光と闇の寮の話

第四話 来客でーす

ファイブファイブに入って1ヶ月。

特に何もなかった。クラブはマジックカードクラブっていうクラブに入った。

ただただ放課後集まり、カードで遊ぶ。

そんなクラブ。これなら楽しいし疲れないからめんどくさがりに人気かな、と思ったらそうでもなかった。
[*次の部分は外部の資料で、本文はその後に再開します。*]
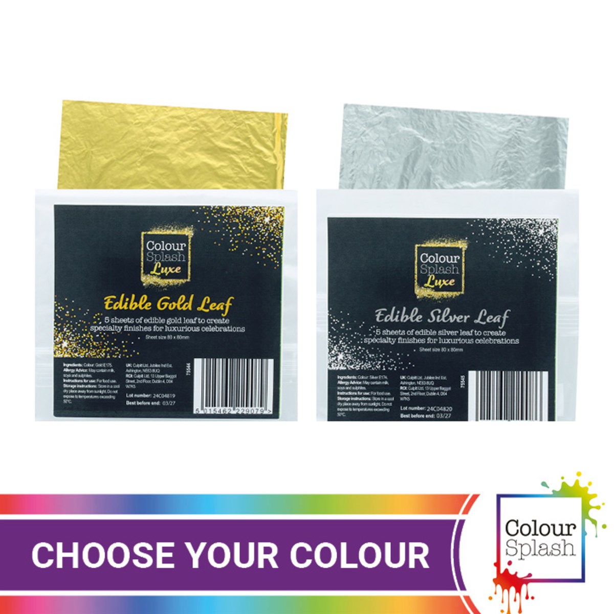 Add a touch of class and sophistication to special occasion bakes with Gold or Silver Metallic Leaf sheets from Colour Splash Luxe.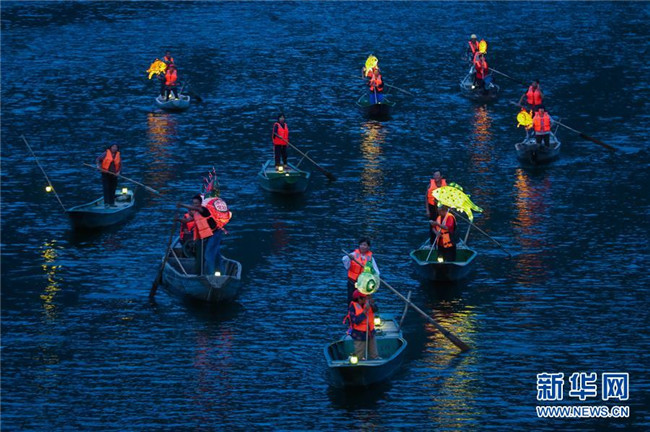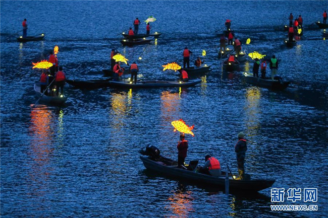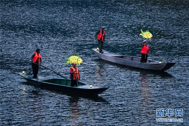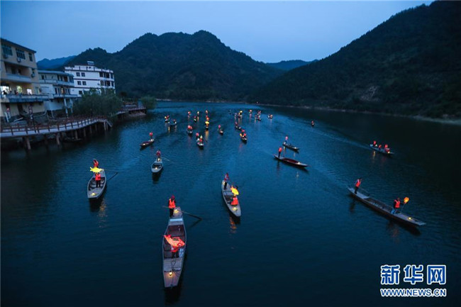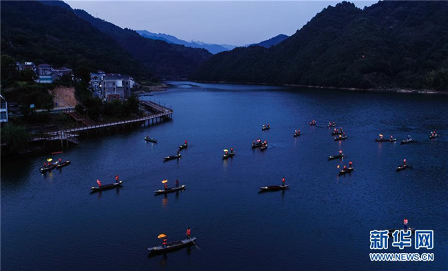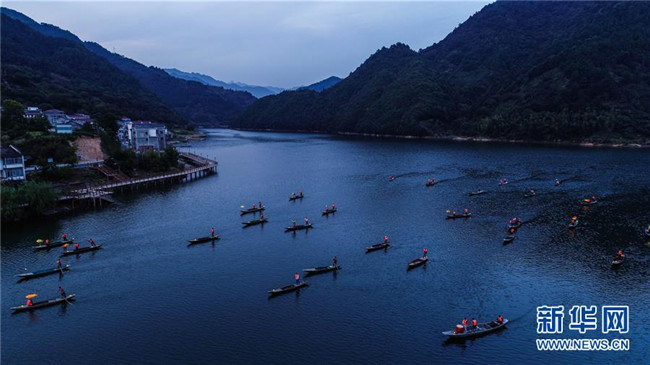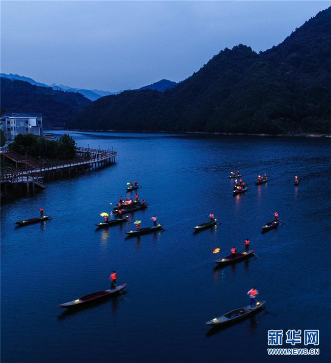 9月25日,在宋村鄉(xiāng)云源港的水面上,漁民劃著漁船,船頭點(diǎn)亮漁燈,構(gòu)成一幅“漁舟唱晚、萬家燈火”的美麗圖景,與沿湖民宿群落交相輝映(無人機(jī)拍攝)。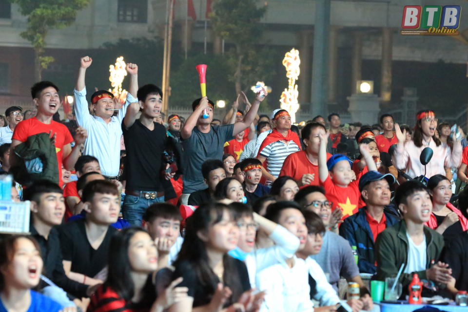 Niềm vui vỡ òa khi Đội tuyển chúng ta có bàn thắng dẫn trước.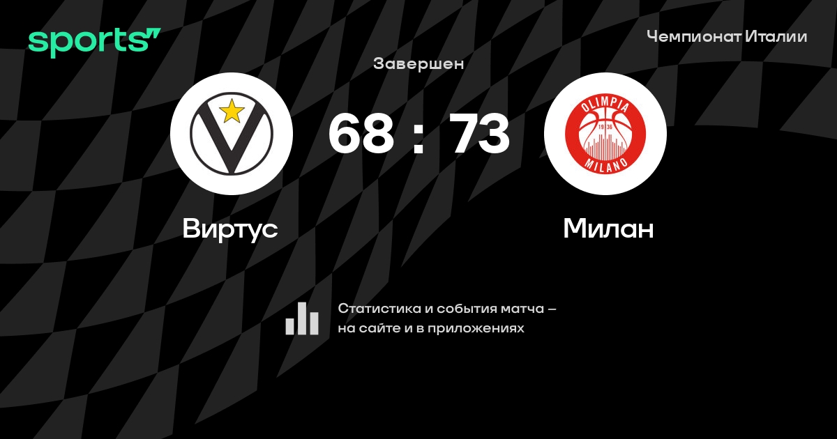 В прошедшем матче в рамках турнира Чемпионат Италии состоялась встреча команд Виртус - Милан в городе Болонья (Италия) на стадионе Виртус Арена (вместимость - 9980)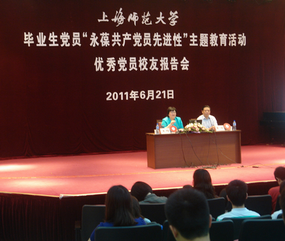 6月21日上午,我校党员校友上海中医药大学党委副书记王群,结合自身成长经历在“东方讲坛”上为300多名毕业生党员作了题为“感动•感恩•感悟——与青年党员谈理想信念”的报告,校党委副书记黄刚主持,组织部部长盛春出席。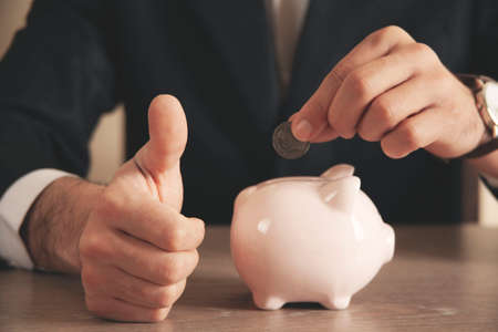 A man's hand putting a coin in a piggy Bank. The concept of saving money

意外と皆ちゃんとしたクラブにはいってるんだと思いつつ寮に帰る。


「リツくん、お帰りなさい。今日は来客がきてるからね」


洗濯物を抱えたスウェラが出迎えてくれた。

この前までは部外者とかなんとか言われていたんだけど、今は優しい家政婦さんみたいな印象だ。ん…奴隷だっけ、メイドだったっけ…


「ん?来客?誰?」


「えっと…光の寮があったっていうのは知ってるよね。その寮長だった人だよ。」


え…闇の寮と喧嘩してた人かな…怖いな…


「そんな怖い人じゃないから安心して。ってかさ~今日キッチンの冷蔵庫壊れちゃって…そっちの修理、後でお願いして良い?」


「あぁ、僕ができる仕事があるならやるよ!」


「うん。よろしく頼むね。」


へぇ…光の寮長か…やっぱ怖い。

少し怖いと思いつつも寮に戻った。


「リツくん、お帰りっす!お客さん来てるんで、お茶用意お願いっす!」


「あれ、本当に冷蔵庫壊れてる…」


「そうなんすよ~…はぁ、アイスいれてたのに、溶けちゃったっすよ…」


やば…これはアイスじゃなく、飲み物みたいだ…


「どうして壊れたの?」


「さぁ?知らんっす。…あ!お茶の葉、ここにあるっすからね~」


「…イザベラさん、お客さんってどなたですか?」


「えっと…ライティさんっすね。なんでも、寮長の幼なじみらしいっす。」


「光の寮とかの話は?何だったの?」


「あーえっと…それが一番問題で…」


すると、玄関でも聞こえる大きな声で、リビングから声が───



「はぁ!?光と闇の寮作んの!?あり得ねー」



…はぁ!?あり得ねー…




「って訳さ。」


リンさんの説明を要約すると…

光と闇の寮がなくなった。

それは一部の人間にとってはとてもとてもヤバいことだったらしい。

まぁ、簡単に言うと光・闇属性の子が寮に入れないらしく。

僕は五つ属性を持っていたから全寮見回ったけど、普通の人は属性によって入った時から寮が決められているらしい。

ファイブファイブは、その中でも特殊で。

学園長が特別に許可を出したらしい。


「へーぇ!私達の寮作る時は大変だったっすよ…学園長に最低でも4人、今日のうちに集めてこーい!ってね…全寮駆け回って、私と寮長とサキで、ルーナを探して説得してね。」


「あぁ。ライティが渋るから。」


「…ルーナは優秀な新人でしたので…」


ルーナはライティに苦笑いをして、リンを見つめて話す。


「でもね、私…ライティさんには悪いけど、

ファイブファイブに来て、良かったなって。」


「…ルーナ、」


「だからさ…」


どうしたんだろ?何言うのかな?

もしかして──リンさんの事が…?


「れ、れれ冷蔵庫壊したの、許して…下さい」


「「お前か~!!」」


リンとイザベラの声がまたリビングに響きわたった。